Just now, I ate a chocolate chip cookie, a chorizo breakfast burrito, some fried rice, and a yogurt cup. One more cookie should do it for lunch. I’ll probably eat more in a little while.
We're supposed to believe that Davy Crockett was a national hero—a brave frontiersman who was capable of hiking 30 miles without a trail, chopping a cord of wood in under an hour, and fighting Indians with bare fists. I read once that he was famous for killing 105 bears in a single year.
One hundred and five bears.
I’ve thought about that a lot. To eat all those bears, he’d have to go through an entire bear every three or four days, which means 100 or more pounds of bear meat every day. And bear meat is really, really fatty—I’ve eaten it. It’s tough to eat in large quantities. Every fourth or fifth bite has a large chunk of fat in it, and it’s sort of stringy meat, at least for a red meat. A hundred pounds of bear meat a day is an ungodly amount to put in a human’s belly.
Maybe I missed the point of the story.
I’m soy-plus. That’s my stance. I’m not allergic to grass-seed pollen. I run barefoot in clover fields and get stung by bees. I consume tree nuts like a pregnant squirrel. When there’s a baby around, I feed it strawberries dipped in honey.
I’m also gluten-plus. Very gluten-plus.
Three things I can’t eat right now because they’re labeled as gluten-free: Adams peanut butter, Hershey’s chocolate syrup, and Ayr-brand saline nasal-rinse packets.
The other day, I asked a doctor how many people are truly gluten-intolerant. He said, “Real numbers are hard to pin down.”
I said, “Just give it to me straight, Doc. What have you heard in the medical community? What have you read?”
He said, “Well, I read in a medical journal once that one in 157 people are gluten-intolerant.”
“One in 157?”
Everyone I know in Portland is gluten-intolerant.
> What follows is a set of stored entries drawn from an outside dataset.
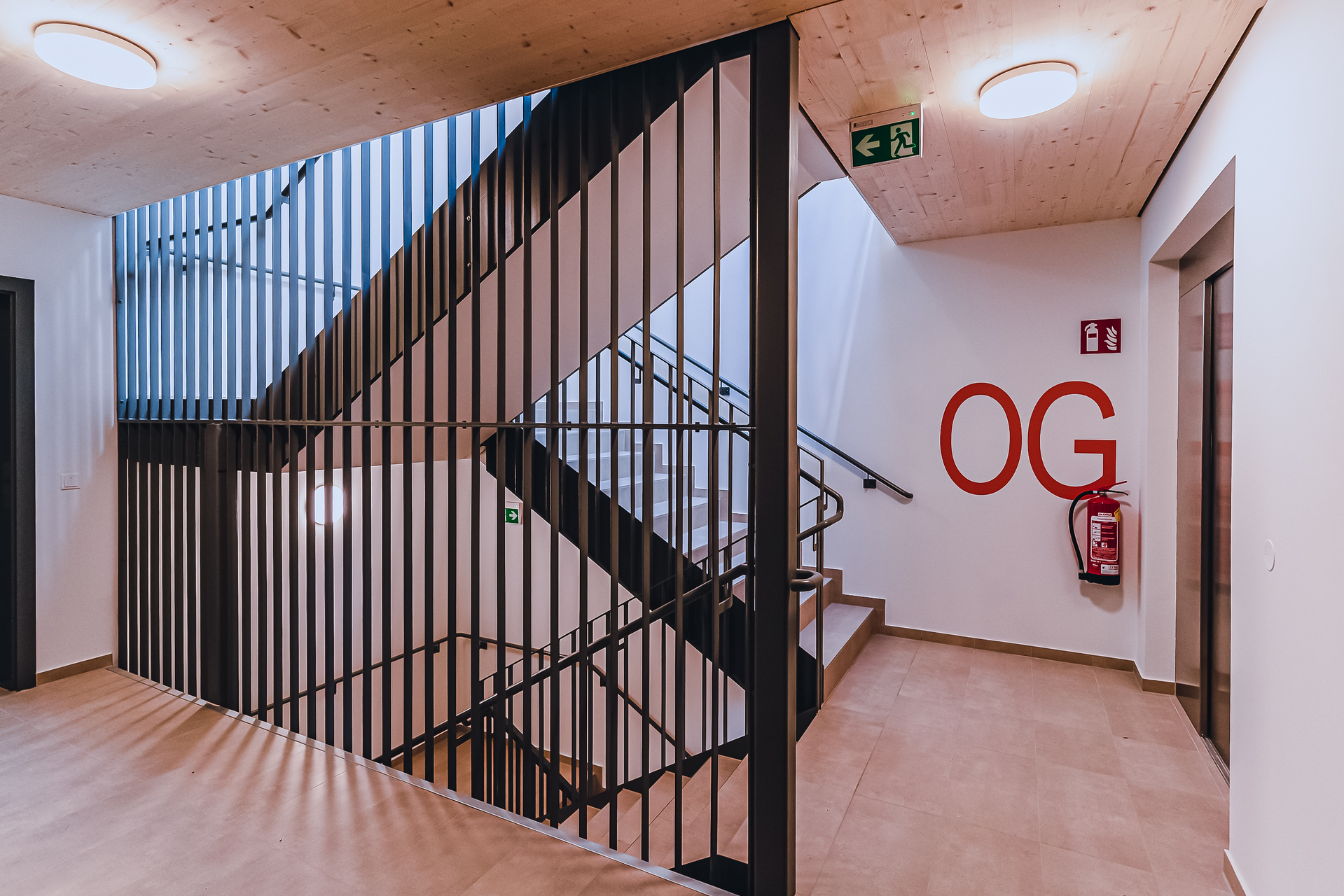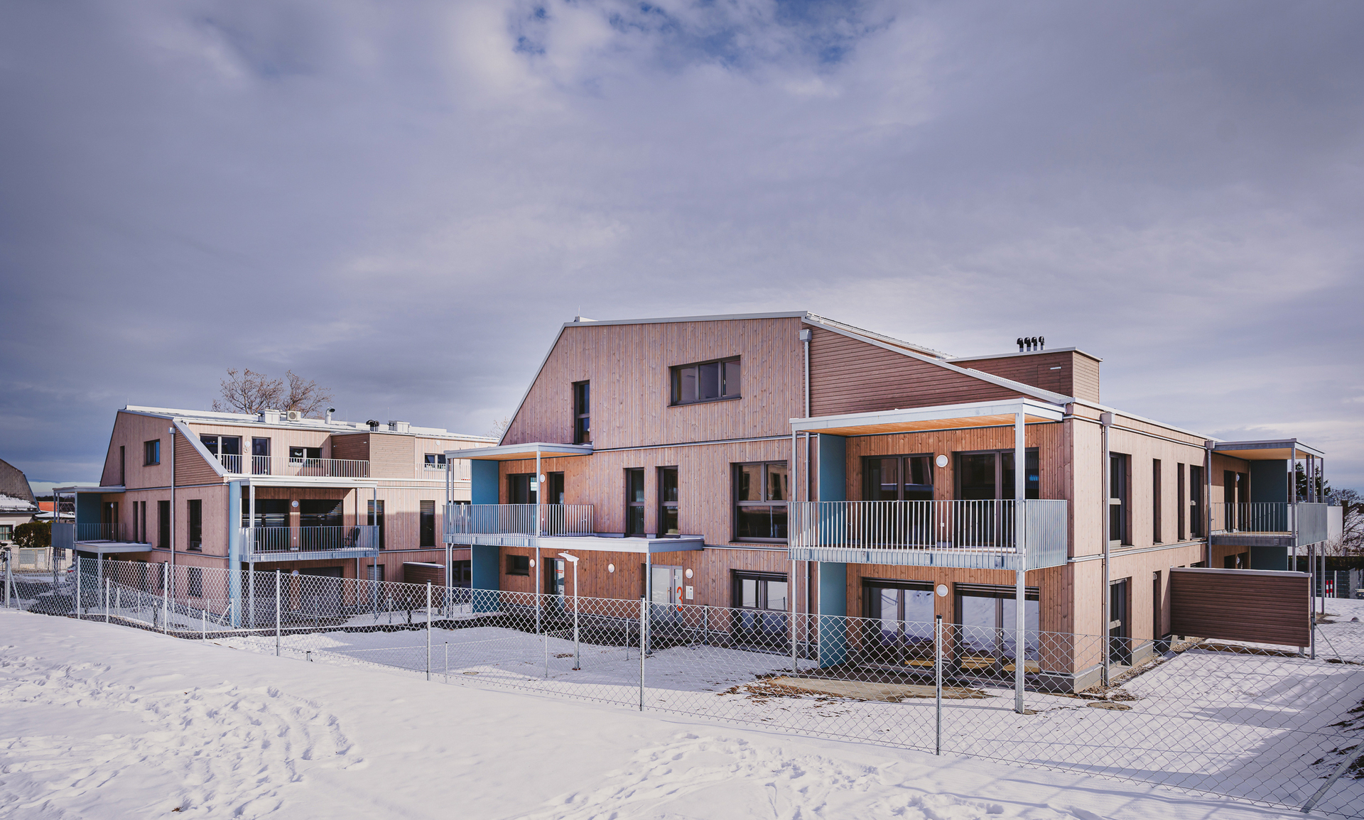 Als „grüne Lunge“ fungiert der Spielplatz, der das Zentrum der Anlage bildet. Alle Zugänge tangieren diese Mitte, welche als Kommunikationszone für alle Wohnungseigentümer dient. Sämtliche Hauszugangsbereiche sind barrierefrei über Rampen erreichbar. Erdgeschossig situierte Fahrradräume fördern klimafreundliche Mobilität. (Text: Architekt:innen, bearbeitet)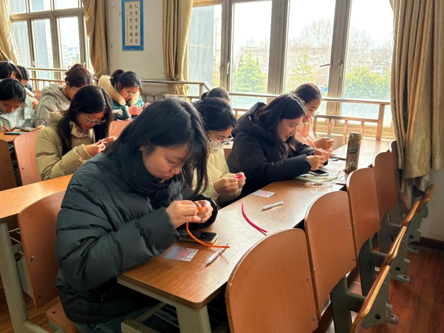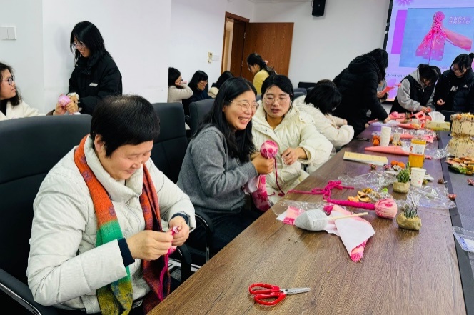 2022级员工盛明华捧着亲手制作的养生锤笑道:“和老师一起做手工就像上了一堂‘减压课’,不仅能学到养生知识,还发现老师们课堂外的可爱一面!”小小养生锤不仅成为传递健康的载体,更在指尖流转中织就了师生情谊的温暖纽带。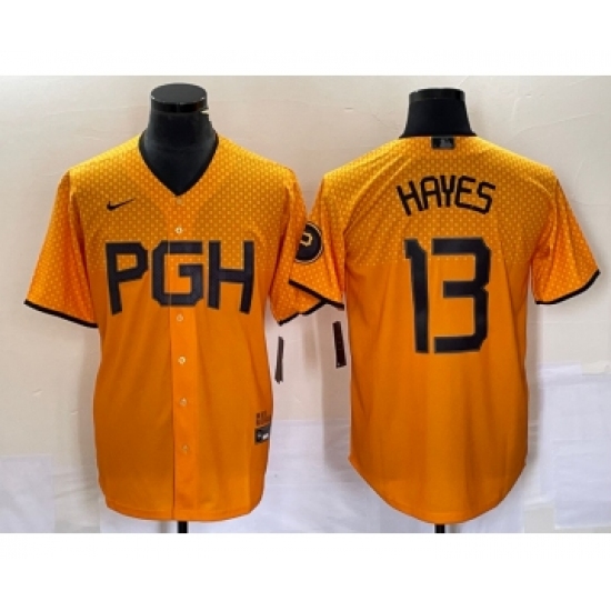 Men's Nike Pittsburgh Pirates #13 KeBryan Hayes Gold 2023 City Connect Stitched Jersey 1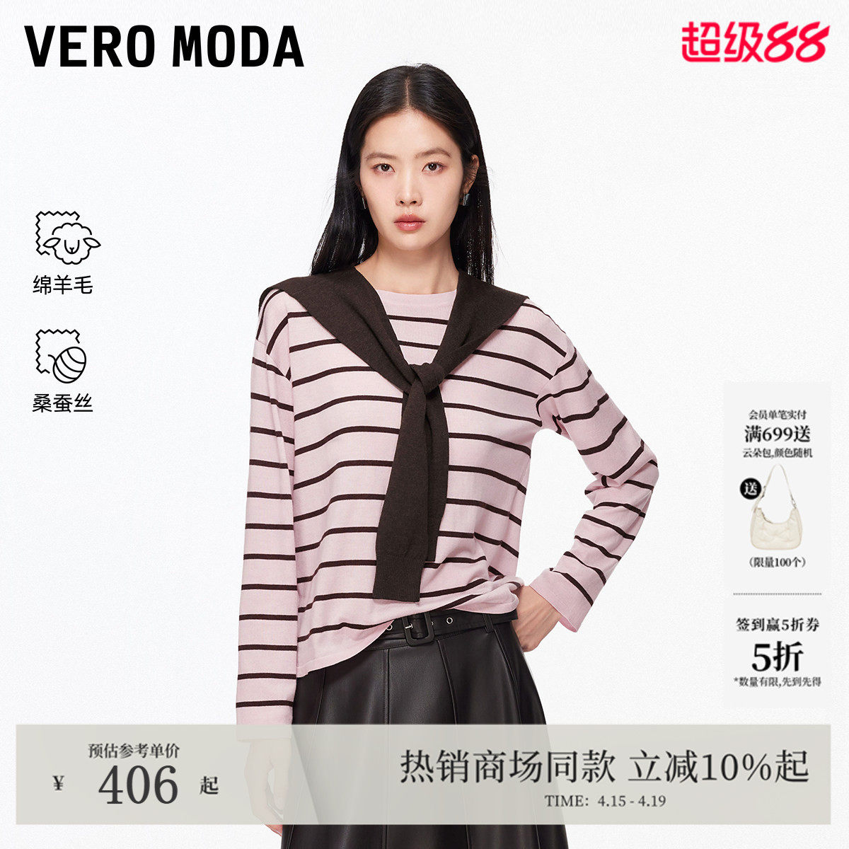 Vero Moda针织衫女26春新款含绵羊毛桑蚕丝系带条纹毛衣326124023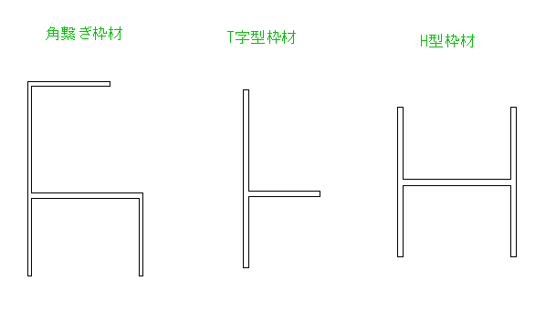 | T字型枠材 | 直角・並列いずれの結合にも対応 | 主に脱着パネルの羽として使用。H型枠材の代わりに使うことで脱着仕様にできます。(画像中央) |

I was invited to an organic frozen-yogurt shop the other day, only to find out that the store sold both frozen yogurt and paleo pizza. The sign said that the crust of the pizza was “swathed in bone marrow.”
I didn’t know what paleo pizza was, so I asked.
The guy said, “You don’t know what paleo is?”
“Like paleolithic?” I said.
“Right, like cavemen.”
“Is that some kind of diet that people are doing right now?”
“No,” he said, “the word diet is misleading, like I want to lose weight. But I don’t.” He pointed to himself. “So it’s not a diet. Paleo is more a way of life, or as I like to think of it, a template.”
“Yes,” he said. “I’m understanding more appropriately what my body needs, and that template includes no grains, no legumes, no dairy, no alcohol, no sugar.”
“Fun,” I said.
I watched other customers come in and out of the store and got a strong feeling that the paleo template is something that white people spend a lot of time thinking about between sessions of CrossFit.
My daughter told me that a boy in her third-grade class said, “Pizza is bad for you.”
She said, “Why?”
“Because it has cheese.”
“What’s bad about cheese?”
“Well,” he said, “cheese has milk in it.”
“Wait, what’s bad about milk?”
He said, “It’s bad for your bones.”
“No,” my daughter said. “I’m pretty sure milk is good for your bones.”
“No, it’s not.”
“Prove it,” she said.
“No one drinks milk in my family, and none of us has ever broken a bone.”
She said, “I think that means your family is too careful.”
Me, I drink coffee every day, usually twice a day, often three times. Sometimes four. I’ve had five cups in a single sitting, writing and drinking coffee like it's Gatorade.
When it’s 7:21 in the evening and I’m making a fresh pot of coffee, and my hands are shaking like a junkie as he puts the lighter under the spoon, I should be thinking, How did I get here? Or, What’s wrong with me?
Instead, I’m thinking, I just need one more cup. You know? One more.
For a month, the top Google search for Kate Upton was: “Kate Upton Is Fat.”
Peter Brown Hoffmeister’s memoir is titled The End of Boys. In his first novel, Graphic the Valley, dirtbags and wanderers eat out of dumpsters, finish tourist leftovers in Yosemite Valley, and scrounge food abandoned in bear boxes.